What the exercise asks: The expected answer is a verbatim transcription of the lines below, beginning with the first and ending with the line that holds "Priestranná hobo kabelka", without pictures.

Records from a dataset:
◆ ◆ ◆

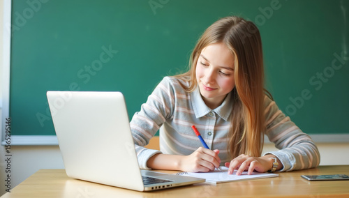 A schoolgirl writes in a notebook at a table with a laptop in a classroom with a chalkboard
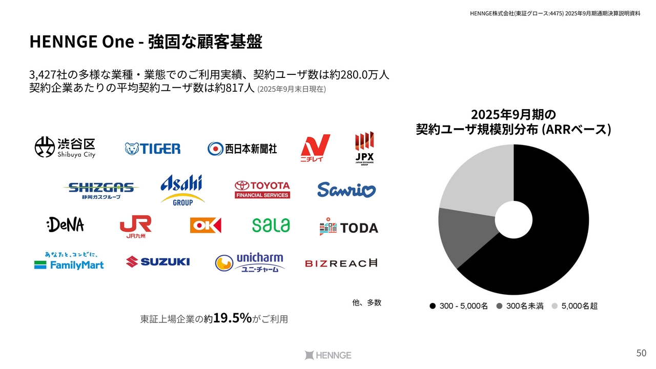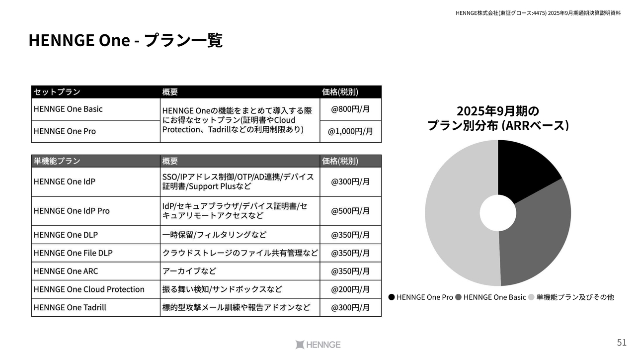 その結果、2025年9月末時点ではARR構成比が約17パーセントに達しました。HENNGE One Proの魅力が評価される余地は多分にあると考えていますので、2026年9月期も引き続き、できる限り構成比を高めていきたいと考えています。
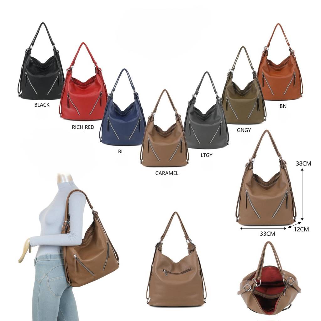 Priestranná hobo kabelka s mäkkým telom, dlhým ramenným uchom a praktickými zipsovými vreckami. Perfektná do práce, na nákupy aj voľný čas – zmestí sa diár, veľká peňaženka, kozmetika aj fľaša 0,5 l. Dostupná v niekoľkých farebných variantoch.
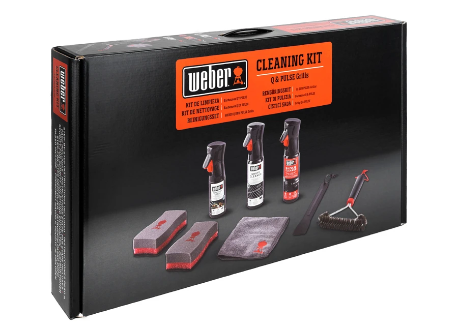 Kit de limpieza para barbacoas Weber Q y Pulse Con este nuevo formato de kit de limpieza completo en caja con asa, puedes cuidar tu barbacoa para conseguir que cocine de forma óptima.
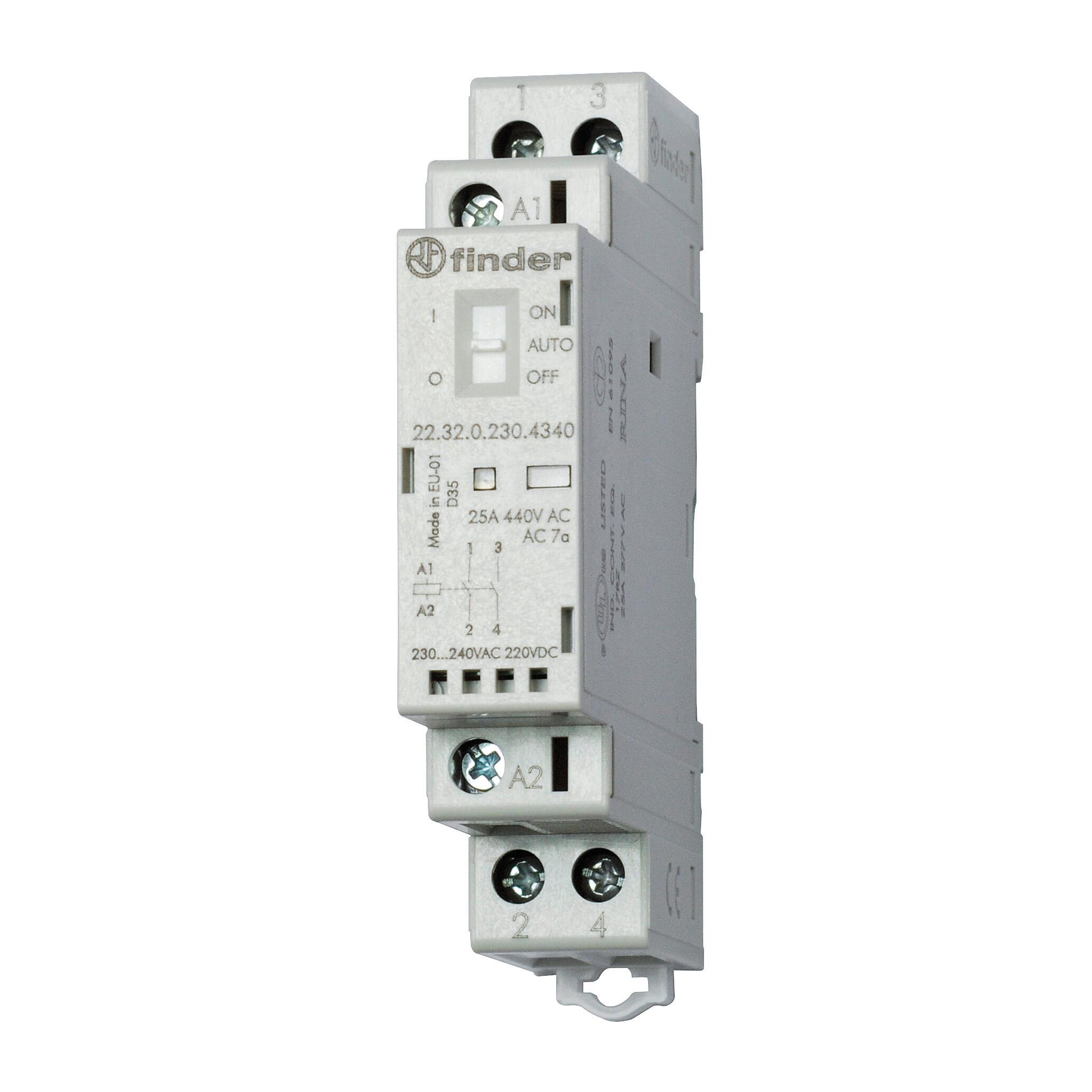 Indicatore meccanico + LED, Standard, 230...240 V, 1 NO + 1 NC, 2 contatti, 25 A, AgSnO2, AC (50/60Hz)/DC, Contattore modulare, 25 A. Ideale per comandare luci in uffici, bagni, aule, gestire l'illuminazione pubblica (strade e parcheggi) e abilitare l'energia nelle camere degli hotel

◆ ◆ ◆

Finished task:
 A schoolgirl writes in a notebook at a table with a laptop in a classroom with a chalkboard
 その結果、2025年9月末時点ではARR構成比が約17パーセントに達しました。HENNGE One Proの魅力が評価される余地は多分にあると考えていますので、2026年9月期も引き続き、できる限り構成比を高めていきたいと考えています。
 Priestranná hobo kabelka s mäkkým telom, dlhým ramenným uchom a praktickými zipsovými vreckami. Perfektná do práce, na nákupy aj voľný čas – zmestí sa diár, veľká peňaženka, kozmetika aj fľaša 0,5 l. Dostupná v niekoľkých farebných variantoch.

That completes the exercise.